Data in this exercise:
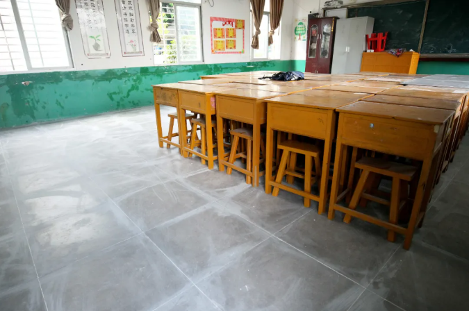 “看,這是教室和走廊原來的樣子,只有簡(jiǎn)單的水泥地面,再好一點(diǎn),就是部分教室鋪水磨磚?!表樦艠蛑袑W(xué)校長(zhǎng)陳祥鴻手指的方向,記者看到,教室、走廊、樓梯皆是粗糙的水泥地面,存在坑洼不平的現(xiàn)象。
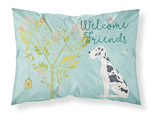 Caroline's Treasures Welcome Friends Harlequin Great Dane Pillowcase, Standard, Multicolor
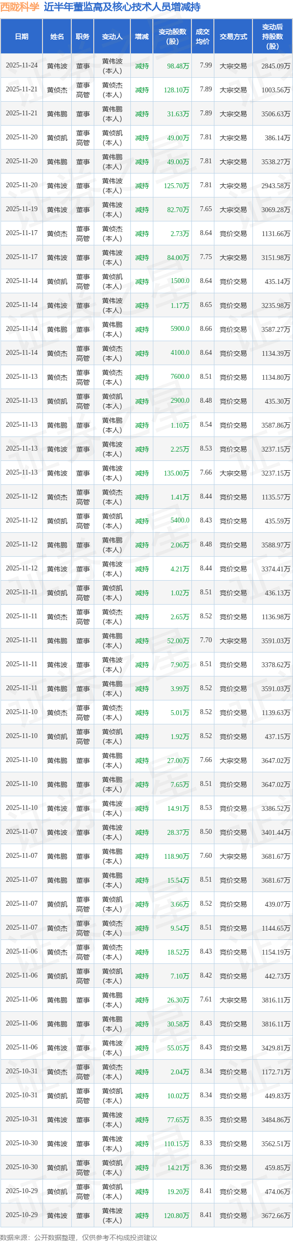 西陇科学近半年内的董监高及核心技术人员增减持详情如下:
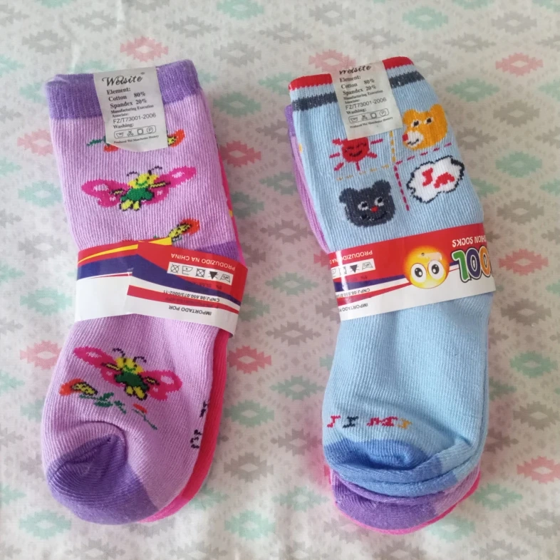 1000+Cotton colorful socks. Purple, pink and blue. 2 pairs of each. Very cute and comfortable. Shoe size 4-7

* * *

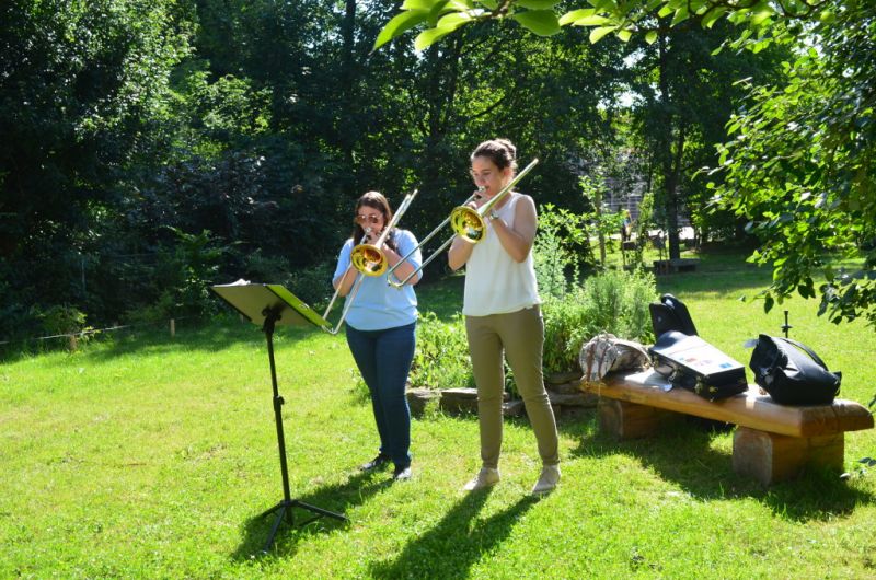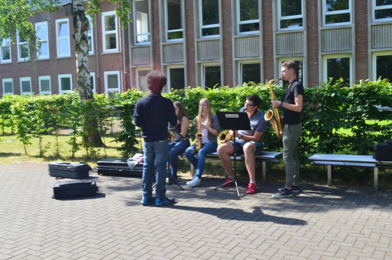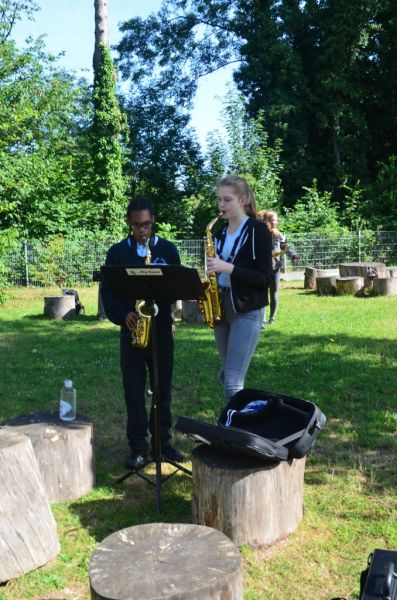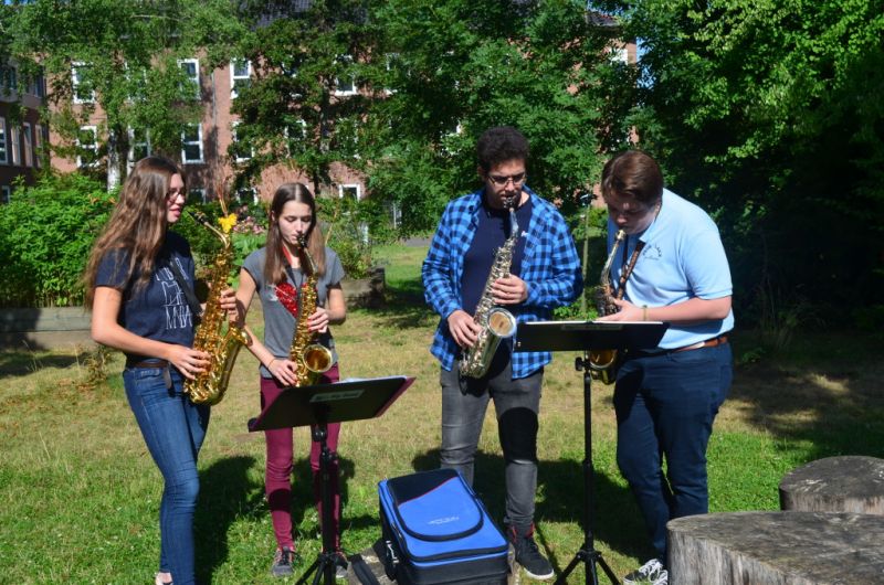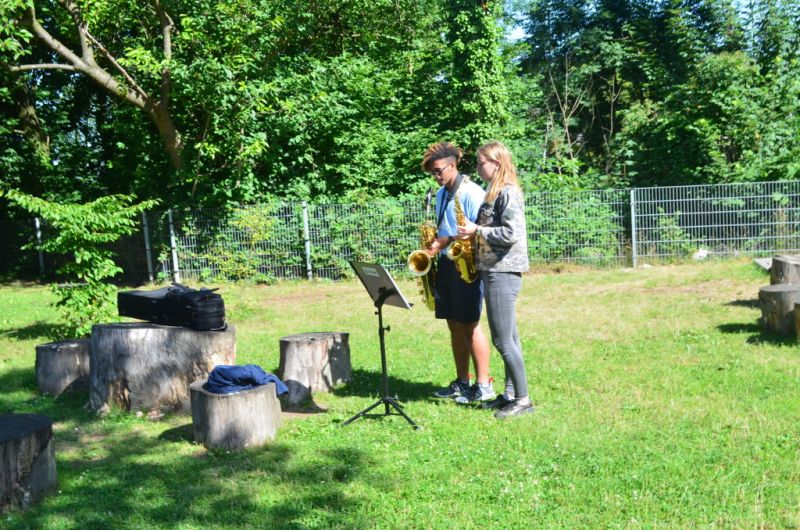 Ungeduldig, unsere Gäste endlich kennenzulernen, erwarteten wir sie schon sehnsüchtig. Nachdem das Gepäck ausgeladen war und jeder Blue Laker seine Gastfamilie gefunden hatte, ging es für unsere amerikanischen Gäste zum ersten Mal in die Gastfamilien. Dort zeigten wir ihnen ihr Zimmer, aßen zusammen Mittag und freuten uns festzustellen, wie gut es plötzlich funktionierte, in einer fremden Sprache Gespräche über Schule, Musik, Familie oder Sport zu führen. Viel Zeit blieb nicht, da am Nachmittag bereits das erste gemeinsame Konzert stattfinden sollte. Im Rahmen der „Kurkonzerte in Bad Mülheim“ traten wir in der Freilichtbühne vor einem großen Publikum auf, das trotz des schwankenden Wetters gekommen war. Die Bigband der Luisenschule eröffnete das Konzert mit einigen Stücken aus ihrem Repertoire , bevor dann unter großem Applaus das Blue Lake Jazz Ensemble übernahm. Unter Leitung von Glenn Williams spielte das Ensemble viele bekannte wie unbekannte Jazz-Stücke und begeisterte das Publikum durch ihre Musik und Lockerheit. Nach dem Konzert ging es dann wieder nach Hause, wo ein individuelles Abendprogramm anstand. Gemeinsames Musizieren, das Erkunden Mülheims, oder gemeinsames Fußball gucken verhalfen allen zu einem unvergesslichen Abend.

Task: In the entries above, find the line that contains "Caroline's Treasures Welcome" and the line that contains "1000+Cotton colorful socks.". Reproduce exactly those two lines and every line between them, but not the pictures.

Completed exercise:
 Caroline's Treasures Welcome Friends Harlequin Great Dane Pillowcase, Standard, Multicolor
 西陇科学近半年内的董监高及核心技术人员增减持详情如下:
 1000+Cotton colorful socks. Purple, pink and blue. 2 pairs of each. Very cute and comfortable. Shoe size 4-7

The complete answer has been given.